1. [Le suj. désigne un oiseau] Frapper plus ou moins fortement (qqn ou qqc.) à coups de bec répétés, soit comme marque d'amitié ou d'hostilité, soit pour chercher la nourriture; prendre par becquées. Becqueter le grain, des miettes, becqueter les mains :
1. Un pivert qui becquetait un tronc, était seul avec eux sous le soleil de ce côté de la montagne.
POURRAT, Gaspard des montagnes, La Tour du Levant, 1931, p. 122.
Emploi abs. (cf. CUVIER, Leçons d'anat. comp., t. 1, 1805, p. 496; BARBIER, Iambes et poèmes, Iambes, 1840, p. 51).
Rem. On rencontre dans la docum. le néol. d'aut. becquetant, ante, adj. (F. FABRE, Le Roman d'un peintre, 1878, p. 203; suff. -ant, -ante). Qui becquète.
P. métaph. Tourmenter :
2. Pour une âme pieuse, n'était-ce pas un crime que cette pensée qui lui becquète toujours le cœur?
Balzac ds Lar. 19e, 1866.
Spéc., FAUCONN. (Ac. Compl. 1842, BESCH. 1845, etc.). V. becquer A 1.
2. Fam., parfois arg., au fig. [Le suj. désigne une pers., une chose abstr. se rapportant à une pers., etc.]
a) Frapper comme à coups de bec. Becqueter qqc. avec/de l'ongle (HUGO, Les Misérables, t. 2, 1862, p. 720; POURRAT, Gaspard des montagnes, À la belle bergère, 1925, p. 28).
P. ext. Mettre la main sur :
3. ... il calcula (...) que quelquefois encore il pourrait se glisser furtivement dans l'étude, butiner encore par-ci, par-là, comme l'abeille matinale, becqueter une vente, comme un passereau un fruit mûr...
SOULIÉ, Les Mémoires du diable, t. 2, 1837, p. 65.
SP. Becqueter de l'aile. Prendre appui momentanément et frauduleusement contre l'aile d'une voiture, dans une course cycliste :
4. On sait aussi que, dans la grosse majorité des courses sur route de second ordre — des épreuves régionales surtout — certains concurrents peu scrupuleux ou mal armés contre le démon tentateur, « becquètent de l'aile » tant soit peu!
Pédale, 7 sept. 1927, p. 6, col. 1.
b) Manger. Becqueter des clarinettes, des clopes, du bois (ESN. Poilu 1919, p. 117). Ne rien manger :
5. ... nous entourons notre cuistot et son aide, qui ont posé leur charge. Avidement on découvre les plats. — Qu'est-ce qu'il y a à becqueter? Tout le monde à la fois interroge Bouffioux qui s'éponge.

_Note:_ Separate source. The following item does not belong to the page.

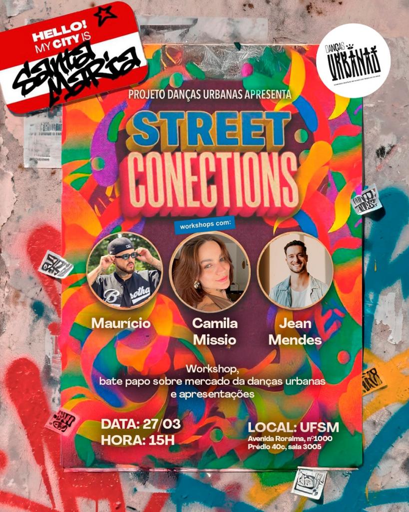 A Universidade Federal de Santa Maria recebe na sexta-feira, dia 27 de março de 2026, mais uma etapa presencial do projeto Danças Urbanas: Conexões Produtivas no Mundo do Trabalho em Rede. O Street Connections é um encontro pensado para quem vive, pesquisa, trabalha ou se interessa pela dança urbana.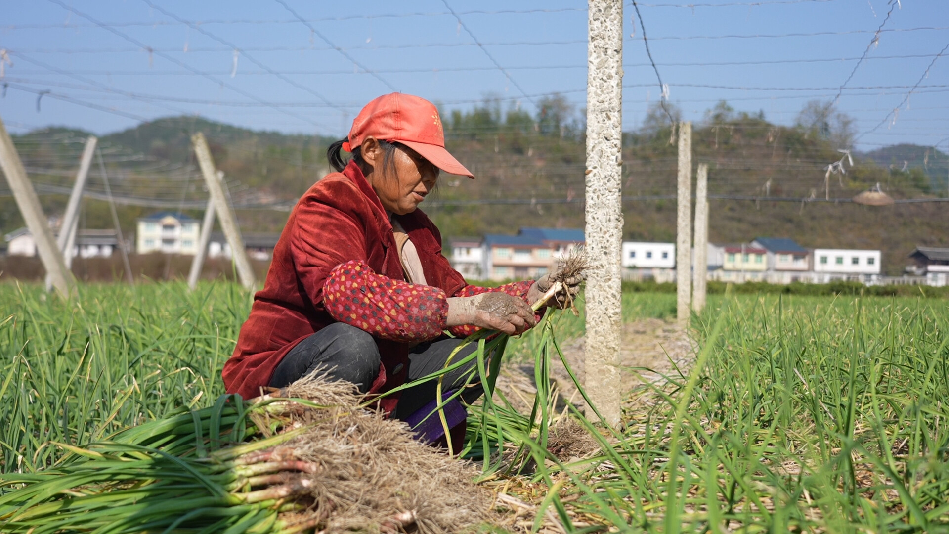 “我家种了四亩大蒜,一天能采一两百斤,现在能卖到五块钱一斤,算下来到年底能有八九万块钱收入。在家门口做事特别方便,不用外出打工,还能照顾家里的老人,日子过得踏实又舒心!”中方县桐木镇桐坪村菜农陈从梅高兴地说。

DORGELÈS, Les Croix de bois, 1919, p. 78.
Emploi abs. (cf. ZOLA, L'Assommoir, 1877, p. 769).
c) Embrasser :
6. Elle [Marthe] tournait le cou et se coulait contre lui [Charles] (...) jusqu'à ce que, (...), les mains derrière le dos, elle lui tendît sa toute petite bouche en une moue charmante, et lui livrât avec la fraise ses lèvres pour être becquetées...
E. et J. DE GONCOURT, Charles Demailly, 1860, p. 220.
d) Arg. Dire. Abs., parler (ESN. 1966); cf. aussi ,,imiter la voix de la chèvre`` (BESCH. 1845) (cf. aussi :becquer B 1).
Loc. fig. Becqueter à tous les râteliers (var. iron. de manger à tous les râteliers). ,,Accepter de tous les côtés`` (SANDRY-CARR. 1963). Se becqueter le nez. ,,Se battre`` (ROB.); ,,manger (au fig.), dépenser`` (ESN. Poilu 1919). Je me suis bien fait becqueter. ,,Caresser lingualement`` (SANDRY-CARR. 1963).
B.— Emploi pronom.
1. [En parlant d'oiseaux]
a) ,,Se battre à coups de bec, comme font les coqs`` (Ac. 1798-1878).
b) Se caresser avec le bec :
7. Kobus, en remontant la côte en face, aperçut deux ou trois couples de tourterelles des bois, qui filaient deux à deux le long des roches grises de la Hoûpe, et se becquetaient sur les corniches, la queue en éventail.
ERCKMANN-CHATRIAN, L'Ami Fritz, 1864, p. 40.
P. ext. :
8. ... ils [les animalcules] contournent les obstacles, changent brusquement de direction, se flairent et se becquettent.
J. ROSTAND, La Genèse de la vie, 1943, p. 53.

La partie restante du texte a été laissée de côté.